The dupatta is treated just as an accessory in current urban fashion. Most women who carry it nowadays wear it just as a decorative accessory; it's usually worn wrapped around the neck or hanging down the shoulder. Dupatta is also used by some women when entering a mosque, dargah, where they cover their head with a dupatta while entering such places. It is widely worn by women in weddings and other parties out of choice and fashion. On such occasions, mostly it is wrapped around the waist, neck, or just draped on a shoulder. It is used with different embroidery designs of kamdani and gota.

===Burqa===
In Pakistan, upper and middle-class women in towns wear burqas over their normal clothes in public. The burqa is the most visible dress in Pakistan. It is a garment worn over the ordinary clothes and is made of white cotton. Many upper-class women wear a two-piece burqa which is usually black in colour but sometimes navy blue or dark red. It consists of a long cloak and a separate headpiece with a drop-down face veil. Some educated urban women no longer wear the burqa, while some of them wear hijab as an alternative. The burqa is also not worn by rural peasant women who work in the fields. In rural areas only elite women wear burqas. Purdah is still common in the rural elite and urban middle class, but not among rural farmers.

=== Bridal dresses ===
Pakistani brides traditionally opt for lehengas, anarkalis, or shararas and ghararas. Most wear lehengas, popularly either with short lehenga cholis or a longer shalwar top. Lehengas are long skirts usually paired with a short blouse known as a choli, but can be paired with a long shalwar kameez. Anarkalis are also an option, imitating gowns. Shararas consist of a blouse or shalwar, with loose pants. Ghararas, are similar, except the pants are tight at the thighs and flare from the knee.
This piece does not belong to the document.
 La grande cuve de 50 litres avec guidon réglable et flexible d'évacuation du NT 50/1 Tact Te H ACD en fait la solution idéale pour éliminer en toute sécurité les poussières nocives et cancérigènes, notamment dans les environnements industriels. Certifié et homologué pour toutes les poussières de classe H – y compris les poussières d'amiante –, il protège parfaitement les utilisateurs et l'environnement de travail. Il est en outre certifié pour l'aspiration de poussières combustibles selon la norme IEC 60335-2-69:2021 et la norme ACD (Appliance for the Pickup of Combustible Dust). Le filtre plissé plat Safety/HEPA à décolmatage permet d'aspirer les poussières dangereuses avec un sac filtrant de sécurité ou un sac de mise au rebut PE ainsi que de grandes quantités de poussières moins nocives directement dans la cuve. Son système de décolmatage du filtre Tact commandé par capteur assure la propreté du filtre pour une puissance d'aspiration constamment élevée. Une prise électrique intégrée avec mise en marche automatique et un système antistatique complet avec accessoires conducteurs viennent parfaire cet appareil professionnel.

All these options are normally intricately embroidered, and are moderately popular with Indian brides too.

===Other traditional dresses ===
On special occasions such as Eid more heavily embroidered iterations of the shalwar kameez are worn by Pakistani women.
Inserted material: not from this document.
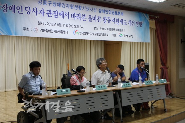 강동장애인자립생활센터와 한국장애인자립생활센터협의회는 11일 오후 서울 여의도 이룸센터에서 장애인활동지원제도 개선 방향 토론회를 열고 장애인 당사자 관점에서 바라본 올바른 활동지원제도에 관해 논의했다.
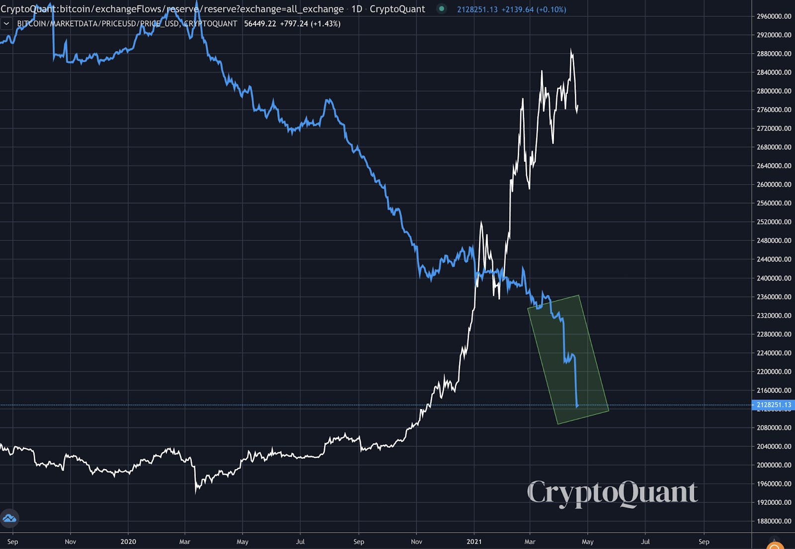 If we back up a bit and see what these netflows are doing in terms of exchange reserves. Reserves are going vertical…

Farshi Pajama is an old traditional dress which is worn occasionally. Laacha is worn in Punjab, the lower part of which resembles the dhoti.

===Regional clothing===

====Balochistan====

The typical dress of a Baloch woman consists of a long frock and shalwar with a headscarf. Balochi women wear heavy embroidered shalwar kameez and dupatta with the embroidery utilising Shisha work. The Balochi Duch from Makran District is one of the many forms of Balochi dresses and is famous all across Balochistan. Since it is purely hand embroidered, Balochi Duch is expensive and it takes months to complete a single Balochi suit.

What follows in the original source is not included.